The PCI Data Security Standard (DSS) provides guidelines to help merchants understand how to protect or limit the exposure of the data.

Defining the cardholder data environment
Every computer system and filing cabinet, along with every application, that uses or stores sensitive card data is part of the overall cardholder data environment (CDE) and in scope for PCI DSS compliance. Even if sensitive data is encrypted within the CDE, it is still within scope of PCI DSS requirement No. 3: Protect stored cardholder data.
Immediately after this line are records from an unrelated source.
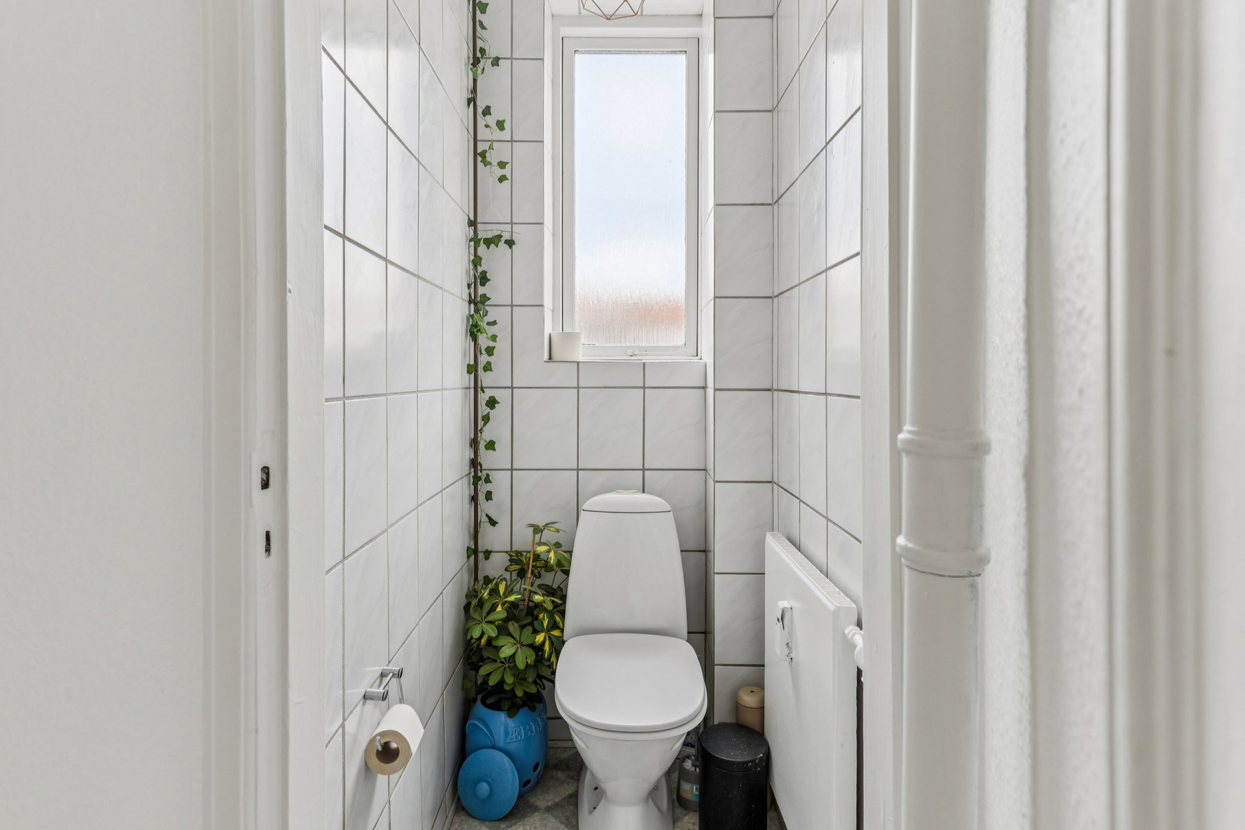 Lejligheden er udstyret med et separat toilet, hvilket bidrager til boligens praktiske indretning. Alle rum er organiseret på en måde, der maksimerer brugen af pladsen, for at tilbyde en behagelig og funktionel boligoplevelse.
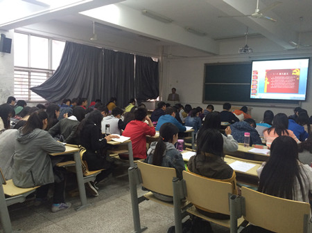 尤德胜老师紧紧围绕党的作风建设的基本内涵及核心问题、加强党的作风建设的重大意义和基本经验、加强党的作风建设的主要任务和基本路径等相关问题,逐层展开,详细解答了“是什么”、“为什么”、“怎么办”的问题。他指出加强大学生党员的作风建设,是加强党的建设的重要力量,是纯洁党的组织、提高党的战斗力的有效措施。他还结合学校实际,对同学们提出了具体要求,以真正做到“平常时期能看得出来,关键时刻能冲得出来,危难关头能豁得出来”。
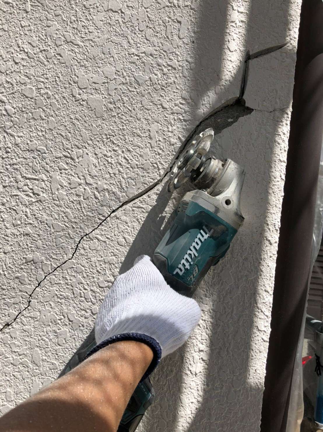 大きなクラックがある場所は一度サンダーでカットし
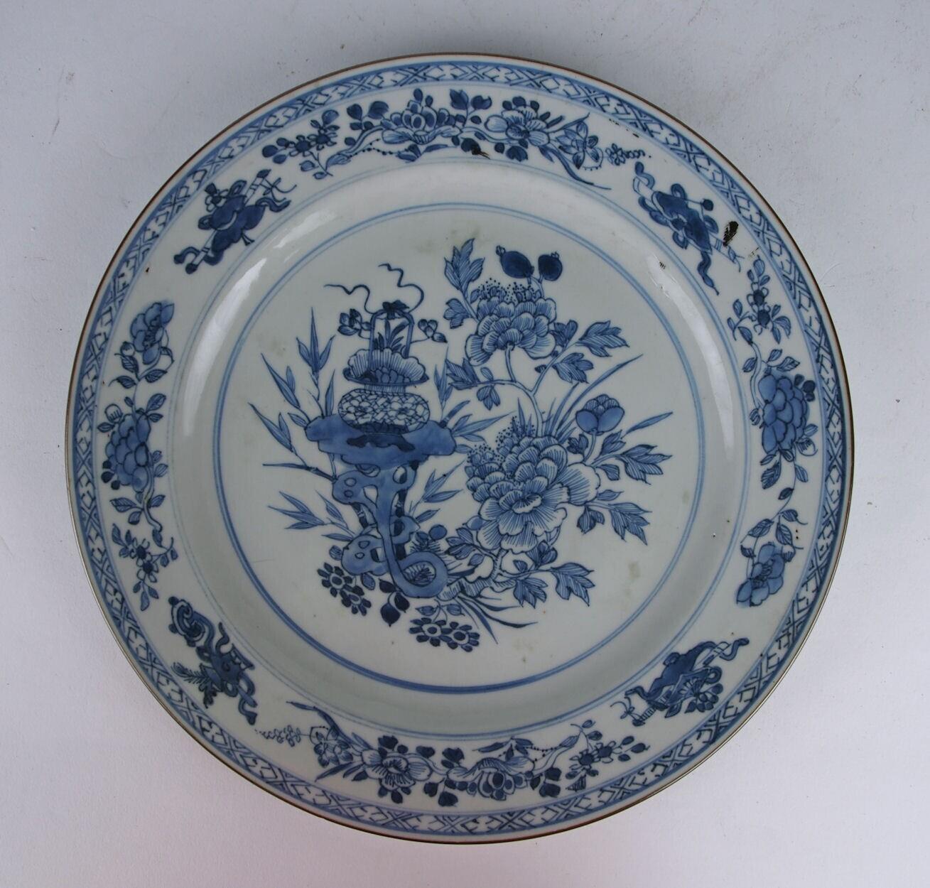 Het bord heeft een schuine standring en een brede, licht oplopende rand. Het plat heeft, binnen een dubbele cirkel, een decor van een bloemenmand op een rots en bloementakken, waaronder pioenroos. De rand heeft een decor van afwisselend bloesemtakken en kostbaarheden. Langs de rand loopt een band met bloemvormig servetwerk. De buitenrand heeft een decor van twee bloemenranken. (Nederlands)

As cardholder data is used beyond the POS and for more purposes beyond transaction authentication, the CDE grows, and likewise PCI DSS compliance and validation grow more complex and costly.

Impact on PCI DSS compliance
The extent of CDE is frequently underestimated when merchants conduct their initial appraisal on the resources needed to achieve PCI DSS compliance. In many cases it’s not known that actual cardholder data is used in various business applications until the first thorough PCI DSS assessment is conducted. According to Verizon Business Risk Team research, two-thirds of data breach cases involved data that the organization didn’t know was on the compromised system. When the data is discovered, the scope of the CDE grows to incorporate the data’s host systems and applications, and the requirements and costs to meet PCI DSS grow as well.

For example, data encryption may need to be employed on a tape storage system used by the marketing department, which uses cardholder data to evaluate marketing campaigns. Even though the tape storage system is not connected in any way to the POS system, it still holds data that is required to be protected under PCI DSS.

Limiting -- even shrinking -- the CDE
Every merchant accepting payments cards has a CDE under PCI DSS purview.  However, merchants can limit -- and even shrink -- the scope of the CDE in order to reduce or minimize the merchant’s PCI DSS compliance and validation burden.

For example, merchants can restrict the use of cardholder data to only those applications directly pertaining to payments: transaction authentication, daily settlements, chargebacks, add-ons for items such as gratuities or recurring payments, and so on. Such restrictions can help limit the environment of the data to the POS system, related applications and a storage system. The specifications of PCI DSS 1.2 provide guidelines on how to secure this rather than limited CDE.

Each business application that uses the cardholder data pushes the boundary of the CDE outward. That is, these applications and their related storage and data flows are now in scope for all PCI DSS assessments. But what if these applications could function exactly as they need to without the use of actual cardholder data? What if some representation of the cardholder data would act as a suitable stand-in? This is the principle behind tokenization technology.

“Token” solution advantages
In the process of tokenization, a credit card is used in a transaction and, once authorized, the cardholder data is sent to a centralized and highly secure server called a “vault.” Immediately after, a random unique number is generated and returned to the merchant’s systems for use wherever the cardholder data would be used. Essentially, credit-card data has been removed from various business applications and replaced with a token. The token can be used by an authorized application to retrieve the stored cardholder data if necessary; otherwise the business application simply uses the token instead of the cardholder data.

There are two significant advantages of this approach. First, the token has no meaning whatsoever to a hacker who might siphon it from a server or application, thus dramatically reducing the impact of a data breach. Second, the business application using the token data is not included in the CDE, since there is no cardholder data present. Merchants that replace cardholder data with tokens in all their business applications can significantly reduce the scope of the CDE, and subsequently reduce the scope and cost of PCI DSS compliance and annual assessment/quarterly scan.

Further benefit is achieved if the merchant outsources the data vault to a third party. Removing the data vault from the CDE -- and handing the responsibility (and liability) for it over to the third-party service provider -- even further shrinks the environment that is subject to PCI compliance.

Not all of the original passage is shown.